Options and warrants issued by the Company prior to the aforementioned
twelve-month period have not been included in the calculation because the
effects of such items were anti-dilutive


         4.       New Accounting Pronouncement


         In February 1997, the Financial Accounting Standards Board issued
Statement of Financial Accounting Standards No. 128, "Earnings per Share" ("FAS
128"). FAS 128 simplifies the existing earnings per share ("EPS") computations
under Accounting Principles Board Opinion No. 15, "Earnings Per Share" ("APB
15"), revises disclosure requirements, and increases the comparability of EPS
data on the international basis. In simplifying the EPS computations, the
presentation of primary EPS is replaced with basic EPS, with the principal
difference being that common stock equivalents are not considered in computing
basic EPS. In addition, FAS 128 requires dual presentation of basic and diluted
EPS. FAS 128 is effective for financial statements issued for period ending
after December 15, 1997. The Company does not expect the EPS amounts calculated
under FAS 128 to be materially different from the amounts presented in the
financial statements under APB 15.


         5.       Subsequent Event


         During April 1997, the Company received net proceeds of approximately
$7.8 million, including the exercise in full of the over-allotment option by 
the Underwriter, (net of underwriting discounts and commissions and 
approximately $2.7 million of related expenses payable by the Company) from 
the issuance of 2.07 million shares of common stock of the Company at $5.50 
per share, pursuant to the Company's initial public offering.

<PAGE>   7


Item 2.  Management's Discussion and Analysis of Financial Condition and Results
of Operation


         Certain statements contained in this Quarterly Report on Form 10-QSB,
other than historical financial information, constitute "forward-looking
statements" within the meaning of the Private Securities Litigation Reform Act
of 1995. All such forward-looking statements involve known and unknown risks,
uncertainties or other factors which may cause actual results, performance or
achievement of the Company to be materially different from any future results,
performance or achievement expressed or implied by such forward-looking
statements. Factors that might cause such a difference include risks and
uncertainties related to the Company's dependence on the emerging market for
video broadcast, retrieval and conferencing, development of additional
products, protection of its intellectual property, limited marketing
experience, limited number of customers, and need for additional personnel, as
well as risks and uncertainties associated with the Company's growth strategy,
technological changes affecting the Company and competitive factors affecting
the Company.


         The following discussion should be read in conjunction with the
financial statements and notes thereto appearing elsewhere in this Quarterly
Report on Form 10-QSB.


OVERVIEW


         The Company was incorporated in October 1993 to develop and produce
products and systems to support new communications devices that make extensive
use of broadband networks and transmit high-quality video and audio and high
speed data.
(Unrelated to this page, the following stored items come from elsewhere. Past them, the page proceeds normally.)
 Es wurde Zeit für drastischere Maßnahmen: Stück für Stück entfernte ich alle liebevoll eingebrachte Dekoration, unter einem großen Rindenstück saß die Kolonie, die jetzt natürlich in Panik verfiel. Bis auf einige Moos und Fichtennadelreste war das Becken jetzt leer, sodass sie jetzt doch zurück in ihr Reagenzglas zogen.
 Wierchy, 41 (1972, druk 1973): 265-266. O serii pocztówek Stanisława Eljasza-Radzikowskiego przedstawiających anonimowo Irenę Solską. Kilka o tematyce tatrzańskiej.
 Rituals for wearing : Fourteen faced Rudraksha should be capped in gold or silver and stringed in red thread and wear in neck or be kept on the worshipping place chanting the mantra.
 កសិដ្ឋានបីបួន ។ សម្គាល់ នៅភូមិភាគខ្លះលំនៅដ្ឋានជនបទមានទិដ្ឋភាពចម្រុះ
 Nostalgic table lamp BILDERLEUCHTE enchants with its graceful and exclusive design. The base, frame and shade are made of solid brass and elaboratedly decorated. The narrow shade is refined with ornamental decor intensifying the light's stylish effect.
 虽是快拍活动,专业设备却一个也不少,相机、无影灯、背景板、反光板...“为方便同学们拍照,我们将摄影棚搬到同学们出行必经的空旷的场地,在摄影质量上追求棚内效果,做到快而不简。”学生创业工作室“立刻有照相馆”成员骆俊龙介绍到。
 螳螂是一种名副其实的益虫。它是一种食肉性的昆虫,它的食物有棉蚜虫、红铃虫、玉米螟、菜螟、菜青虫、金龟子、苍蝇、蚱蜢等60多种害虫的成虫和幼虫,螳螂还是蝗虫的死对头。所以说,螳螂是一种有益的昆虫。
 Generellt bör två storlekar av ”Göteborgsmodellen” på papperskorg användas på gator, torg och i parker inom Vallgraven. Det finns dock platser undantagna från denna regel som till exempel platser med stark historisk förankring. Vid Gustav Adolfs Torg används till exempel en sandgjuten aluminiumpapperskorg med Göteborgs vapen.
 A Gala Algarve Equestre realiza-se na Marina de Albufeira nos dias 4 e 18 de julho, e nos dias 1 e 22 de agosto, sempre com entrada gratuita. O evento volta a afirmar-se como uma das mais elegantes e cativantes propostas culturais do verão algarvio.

The Company's operations to date have related primarily to
organizational activities, including research and development and
organizational efforts involving the development of its initial products,
including the VidPhone(R) system, recruiting management and technical personnel
and raising capital. Currently, the Company expects to complete development of
the VidPhone(R) system and begin commercial production and installation of the
first units in late 1997.


         To date, the Company has not generated substantial revenues from the
sale of its products and services. As of March 31, 1997, the Company had
cumulative losses of $6.6 million. The Company expects to incur additional
operating losses for the foreseeable future. Through March 31, 1997, the
Company's operations had been funded primarily through private sales of debt
and equity securities.


         In January 1997, the Company received gross proceeds of $1.0 million
from the issuance of 250,000 shares of Series A Preferred Stock and warrants to
purchase 50,000 shares of Common Stock.


         In April 1997, the Company received net proceeds of approximately $7.8
million, including the exercise in full of the Underwriter's over-allotment
option (net of underwriting discounts and commissions and approximately $2.7
million of related expenses payable by the Company) from the issuance of 2.07
million shares of Common Stock at $5.50 per share, pursuant to the Company's
initial public offering (the "Offering"). Approximately $2.1 million




<PAGE>   8


of the gross proceeds of the Offering were used to retire outstanding
indebtedness under the promissory notes issued in the Bridge Financing during
October and November 1996. The remainder of the net proceeds of the Offering
are intended to be used to fund the Company's sales and marketing and product
development efforts, for working capital and general corporate purposes.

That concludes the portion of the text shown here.